Highlighting Results from a Full-Text Search Query with PostgreSQL

|4 min read

When searching using Google, it usually returns fragments of pages that match your search query. I’ve been working on a full-text search example and wanted to add a similar feature after querying my database.

Duckduckgo search results

One way of going about it would be to create a function that uses a regular expression to find all matches of the query, truncates the text, and adds the <mark> HTML element.

The <mark> HTML element represents text that’s marked or highlighted.
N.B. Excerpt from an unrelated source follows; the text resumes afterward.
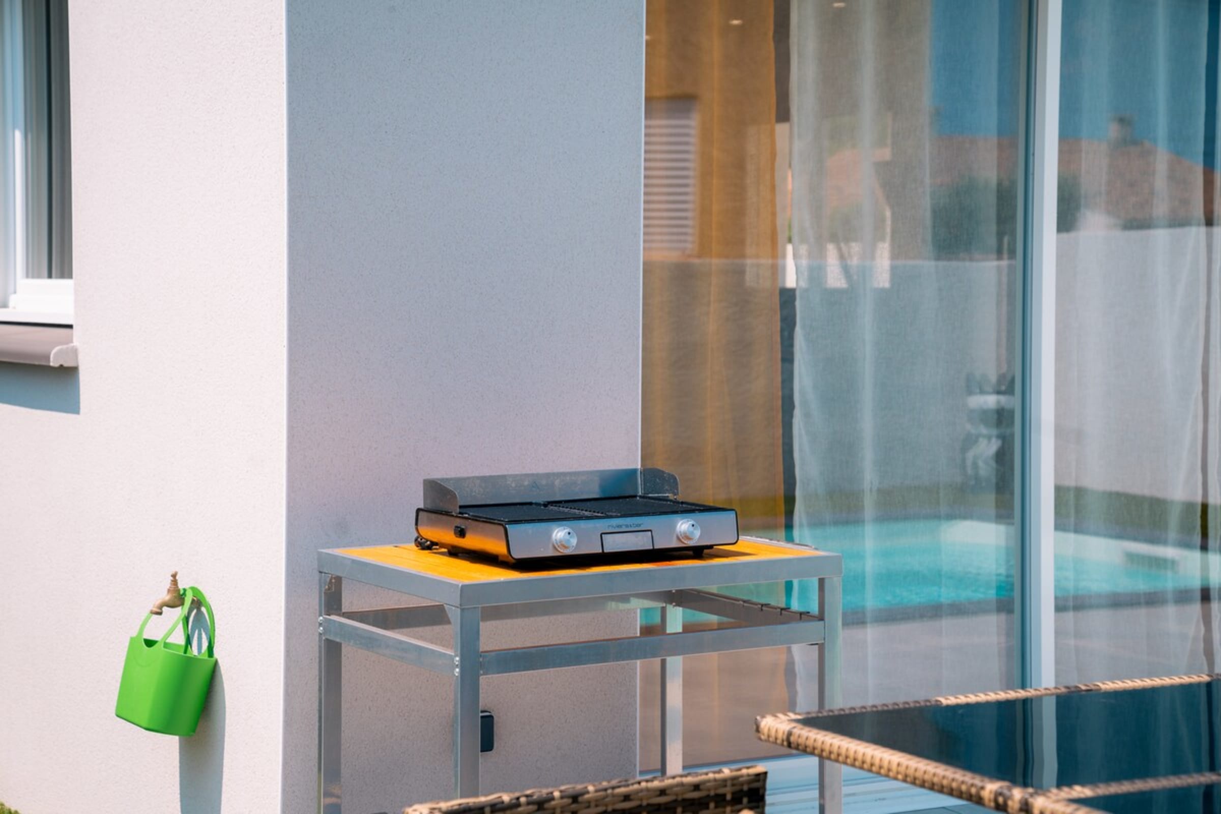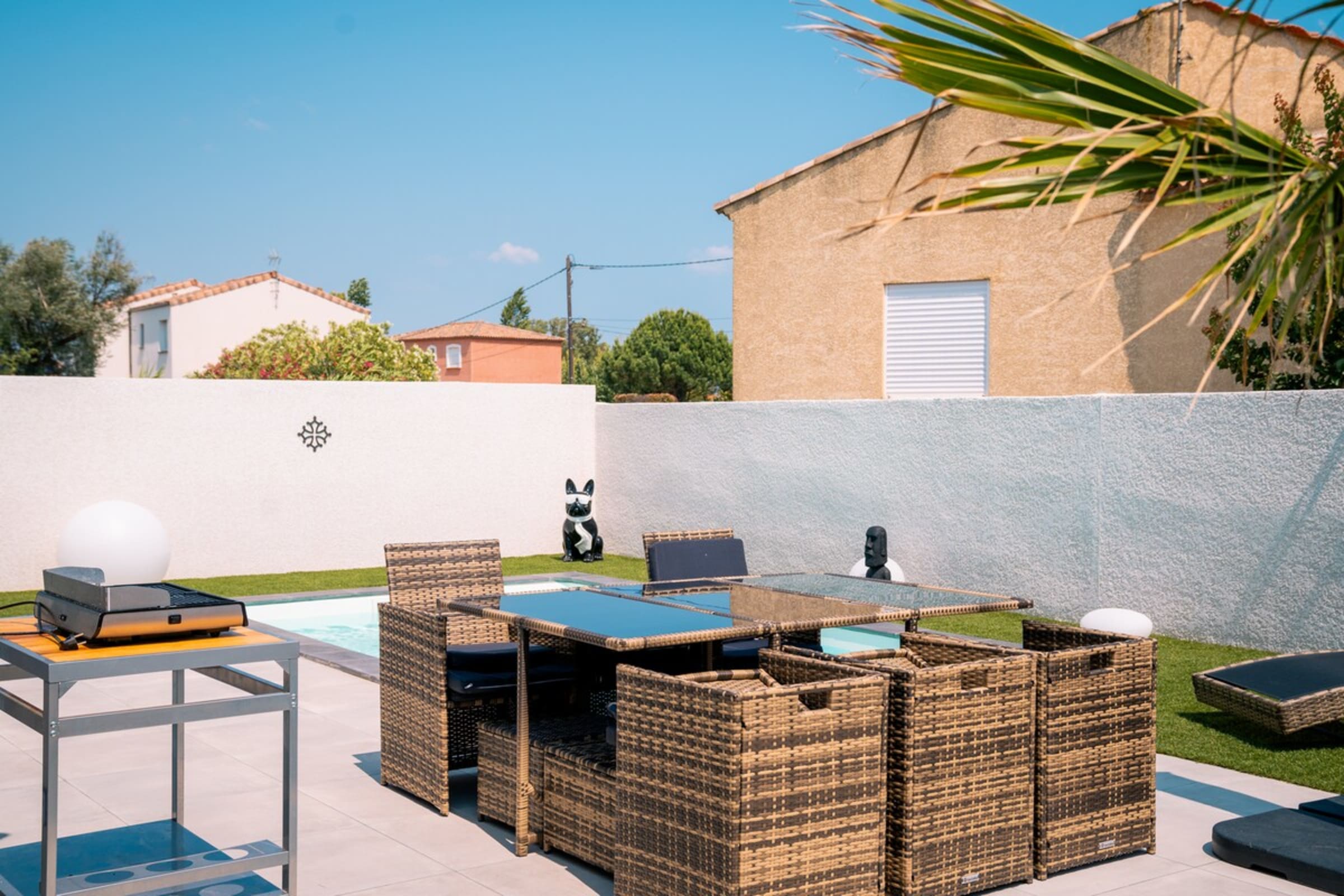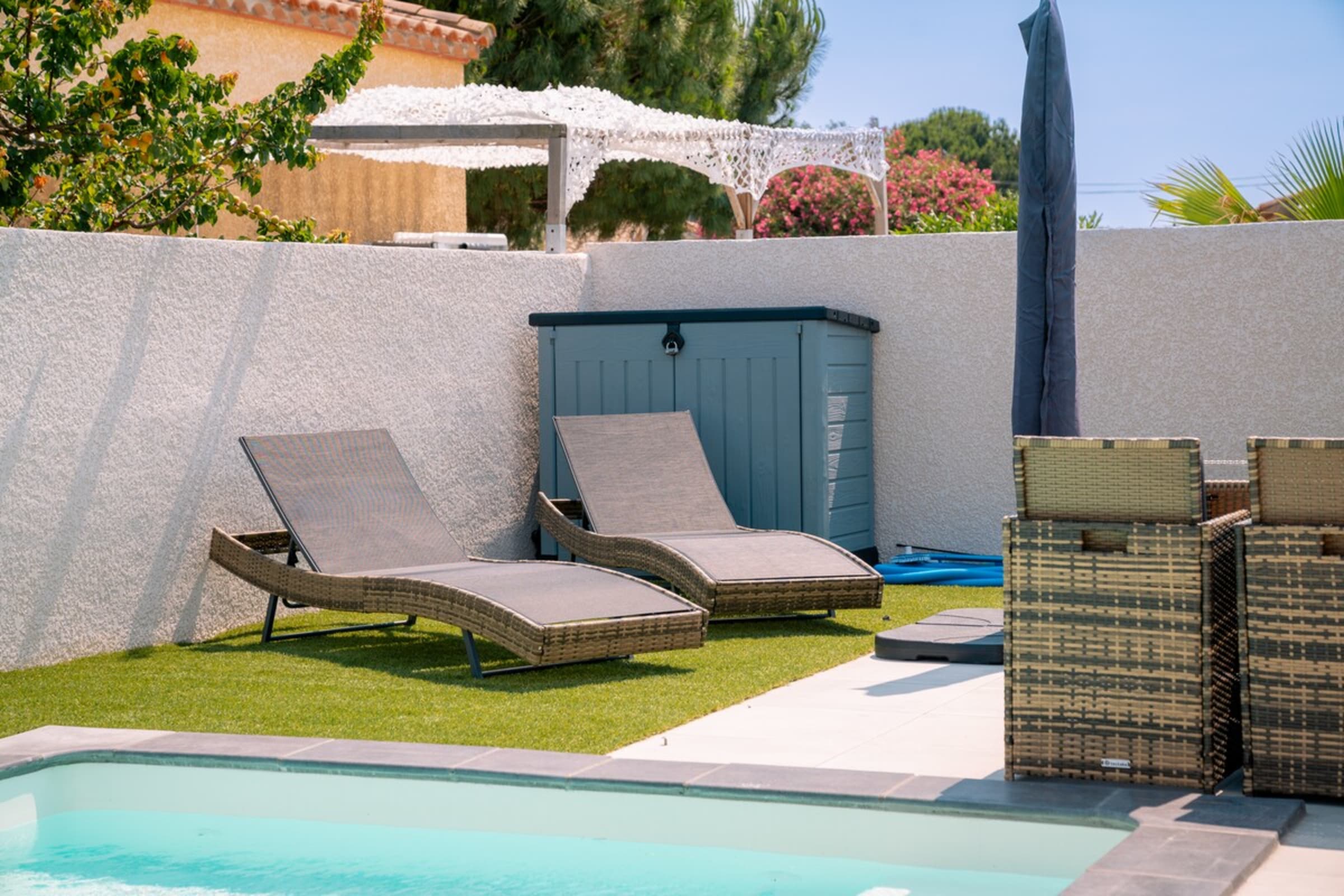 Outdoors, unwind in the private pool (5 m × 3 m, approx. 1.60 m deep, not heated). Linger on the terrace between swims, enjoy alfresco lunches and sunset apéritifs—the calm residential setting keeps you close to shops, the local market and the beach. Getting here is easy: Béziers TGV station, Béziers-Cap d’Agde or Montpellier airports, and the A9/A75 motorways nearby.

You can read further here.

What if I told you Postgres already does that?

Postgres provides a function called ts_headline that accepts the following arguments:

  • Configuration(Optional) – define your config or Postgres uses the default_text_search_config

  • The text being queried

  • Search query – to_tsquery

  • Options (Optional) – extend defaults such as MaxWords and MinWords

to_tsquery is a function that converts text to the tsquery data type. tsquery is the text that stop words have been removed, stemmed, and lexically analyzed.

In this example, the search queries are foundation and model.

SELECT
	ts_headline('english',
	'Database management systems are typically designed to organize data according to a specific pattern.
	 These patterns, called database types or database models, are the logical and structural foundations that determine how individual pieces of data are stored and managed.
	 There are many different database types, each with their own advantages and limitations.
	 The relational model, which organizes data into cross-referenced tables, rows, and columns, is often considered to be the default paradigm.',
	 to_tsquery('english', 'foundation & model')
);

Response:

<b>models</b>, are the logical and structural <b>foundations</b> that determine
how individual pieces of data are stored

You can execute the above query against your database without having any tables or data setup.

Postgres sets the following default options for you:

  • MaxWords, MinWords (integers) – number of characters to be truncated before and after the text. Default is 35 and 15, respectively
  • ShortWord (integers) – words shorter than this length are removed from the result if it’s part of the beginning or end. Default: eliminates common English articles
  • HighlightAll (boolean) – default: false. Postgres returns only one document with the first match
  • MaxFragments (integer) – defines the number of fragments to be returned
  • StartSel, StopSel (strings) – specifies the string or HTML element used to highlight the matched text. Default is <b></b> HTML element
  • FragmentDelimiter(string) – When more than one fragment is returned, the fragments are separated by ”…”

In this example, the search queries are data and type. The Options are in string format and you can extend it as follows:

SELECT
	ts_headline('english',
	'Database management systems are typically designed to organize data according to a specific pattern.
	 These patterns, called database types or database models, are the logical and structural foundations that determine how individual pieces of data are stored and managed.
	 There are many different database types, each with their own advantages and limitations.
	 The relational model, which organizes data into cross-referenced tables, rows, and columns, is often considered to be the default paradigm.',
	 to_tsquery('english', 'data & type'),
	 'HighlightAll=true, StartSel=<mark>, StopSel=</mark>, MaxFragments=2,FragmentDelimiter=💩'
);

Response:

Database management systems are typically designed to organize
<mark>data</mark> according to a specific pattern. These patterns, called
database <mark>types</mark> or database models, are the logical and structural
foundations that determine how individual pieces of <mark>data</mark>💩stored
and managed. There are many different database <mark>types</mark>, each with
their own advantages and limitations. The relational model, which organizes
<mark>data</mark> into cross-referenced tables, rows, and columns, is often
considered

You can read further in the Postgres docs.

Go forth and query thine database. 🤺